# Small Test using NPS Chat for Dialogue Act Classification

I used a simple, quick and dirty analysis for classification. Most of the techniques are as suggested in the nltk website documentation. Used treebank for sentence segmentation.

In [1]:
# import os, sys
import nltk
from nltk.corpus import nps_chat as nps_chat
from nltk.corpus import treebank_raw as treebank

#tar_sentence = """Hello everyone, I'm trying to solve the seek and destroy bonfire but I'm trying to understand how to fix some logic in my code."""

def tokens_and_boundaries(dataset):
    tokens = []
    boundaries = set()
    offset = 0
    for sent in dataset:
        #print(sent)
        tokens.extend(sent)
        offset += len(sent)
        boundaries.add(offset-1)
    return tokens,boundaries


def punct_features(tokens, i):
    return {'next-word-capitalized': tokens[i+1][0].isupper(),
            'prev-word': tokens[i-1].lower(),
            'punct': tokens[i],
            'prev-word-is-one-char': len(tokens[i-1]) == 1}

def featuredsets(dataset):
    tokens, boundaries = tokens_and_boundaries(dataset)
    boundaries = sorted(list(boundaries))
    return [(punct_features(tokens, i), i in boundaries) for i in range(1, len(tokens)-1) if tokens[i] in '.?!']

def segment_sentences(words):
    start = 0
    sents = []
    for i, word in enumerate(words):
        #print(i, word)
        if word == '...':
            word = '.'
        if word in '.?!' and classifier_segsen.classify(punct_features(words, i)) == True: #1) if a punctuation mark AND words classified as TRUE 
            sents.append(words[start:i+1])                                          #2) add to sents all word between the start of a sentence and the end
            start = i+1                                                             #3) move to next sentence
    if start < len(words):                                                          #4) if start is still less than the total paragraph..
        sents.append(words[start:])                                                 #5) add all (???)
    return sents   


def dialogue_act_features(sen, tok = False):
    features = {}
    if tok == False:
        for word in nltk.word_tokenize(sen):
            features['contains({})'.format(word.lower())] = True
    else:
        for word in sen:
            features['contains({})'.format(word.lower())] = True
    return features

After defining the functions, the classifiers are trained using NaiveBayesClassifier.

In [2]:
train_sentsegset = treebank.sents()
train_featsentsegset = featuredsets(train_sentsegset)
#print(train_featsentsegset[:10])
classifier_segsen = nltk.NaiveBayesClassifier.train(train_featsentsegset)

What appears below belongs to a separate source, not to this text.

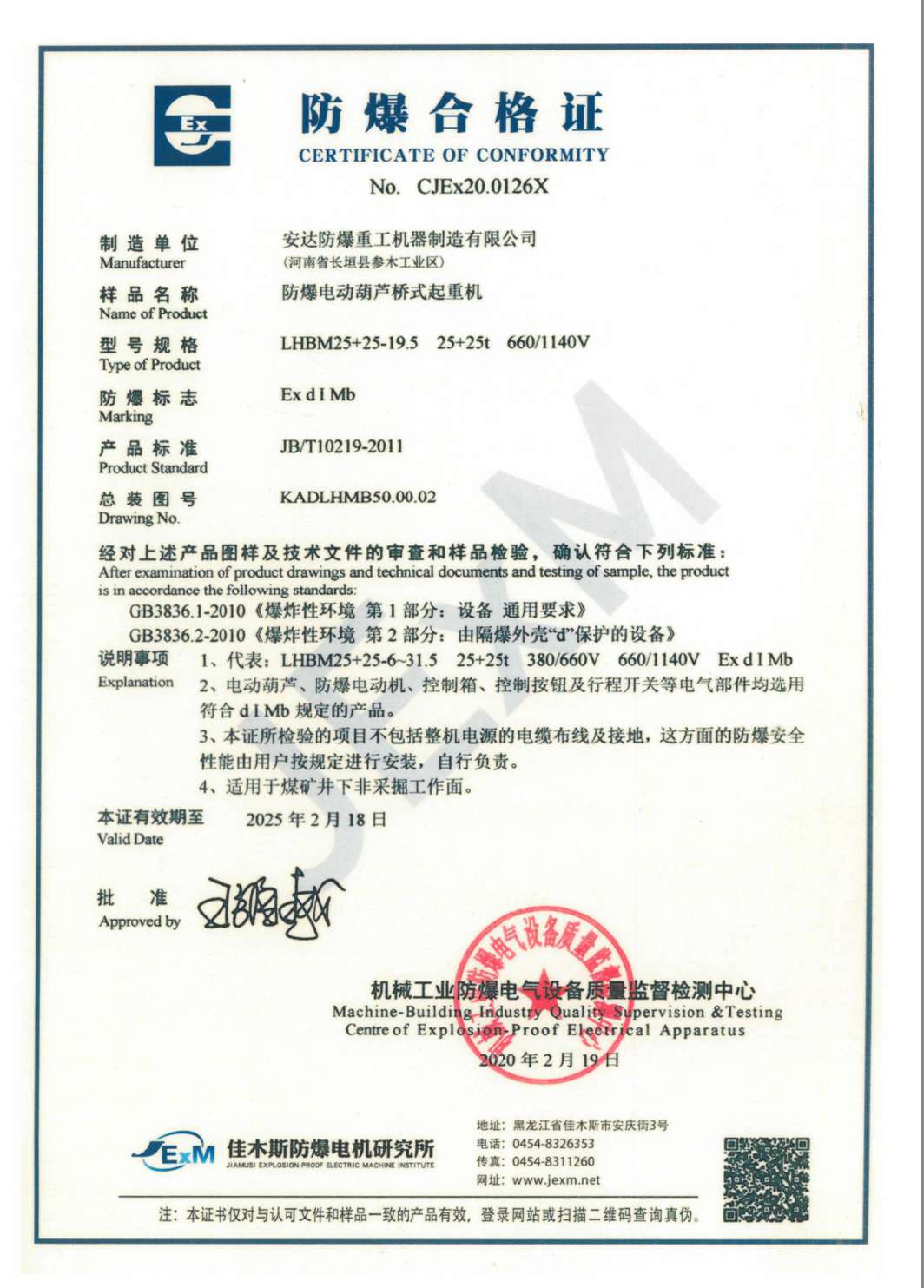 榮譽(yù)資質(zhì) 防爆電動(dòng)葫蘆橋式起重機(jī) 防爆合格證

#train_dialactset = nps_chat.xml_posts()[:10000]
train_dialactset = nps_chat.xml_posts()
train_featdialactset = [(dialogue_act_features(train_sen.text), train_sen.get('class')) for train_sen in train_dialactset]
classifier_dialact = nltk.NaiveBayesClassifier.train(train_featdialactset)


Some messages were selected. The selection was not totally random as the idea was to evaluate the results of the classification.

In [3]:
tar_sentences = ["""The content part is transcribing other peoples work and putting it on the website. The html, css, and javascript is either fixing glitches with the site or adding a tweak to it. It is estimated that it is going to be approximately 16 hours a week of work. Paid position, don't know how much. Please feel free to reach out to the e-mail address or call to get further information. END""",
               """@sb Yes, as I said I do not know if comparing results would be really possible but since I have little to no experience with JS I was hoping that someone might have some idea on how to do it properly. END""",
               """@sb Seek & Destroy is one of the more difficult bonfires... did you try Bonfire-seek-and-destroy hint? END""",
               """can someone help me with this...how do i pick subindex of an array? END""",
               """Oh, I'm sorry @sb, you probably meant I should go the the HelpBonfires chat room. Thanks! END""",
               """Hi everyone. Hope you're having fun coding. It's been a few days I'm trying to finish the 'Seek & Destroy' bonfire but I don't manage to do it. I know the solution should be simple, but I can't get it to work. Has anyone finished it and would be kind enough to give me a tip? END""",
               """@sb Does the webpage have to look the same? END""",
               """i'm also trying to set env variables using package config. is there a particular way of doing that with heroku beside heroku set? END""",
               """hey, someone did bonfire-convert-html entities? END""",
               """This could does not generate any error but does not move to the next exercise too. END""",
               """@sb It is because your location was not correctly detected by http://ip-api.com/. Could you open this link and verify the City field in a result table? END""",
               """@sb That should be good sign. You should be challenged while learning new stuff. If you need help with specific bonfire post your code here and ask question. END""",
               """usually the code editor , codepen / freecodecamp editor, displays a notification to the left of any line with bad code. I imagine the line with meter+= showed some red or yellow indicator and there's also the browser's console , which often also shows some kind of information when it can't make sense of your code. END""",
               """without putting something in the div or what razetime wrote there is nothing to apply the background color to. END""",
               ]

Following the classification procedure.

In [4]:
for tar_sentence in tar_sentences:
    tar_sentence_tok = nltk.word_tokenize(tar_sentence)
    for iw, w in enumerate(tar_sentence_tok):
        if w == '...' and iw < (len(tar_sentence_tok)-2):
            tar_sentence_tok[iw] = '.'
            tar_sentence_tok[iw+1] = tar_sentence_tok[iw+1].title()
    #print(tar_sentence_tok)
    
    #train_tokens, train_boundaries = tokens_and_boundaries(train_sentsegset)
    #print(train_sentsegset[0], train_tokens[:10],list(train_boundaries)[:10])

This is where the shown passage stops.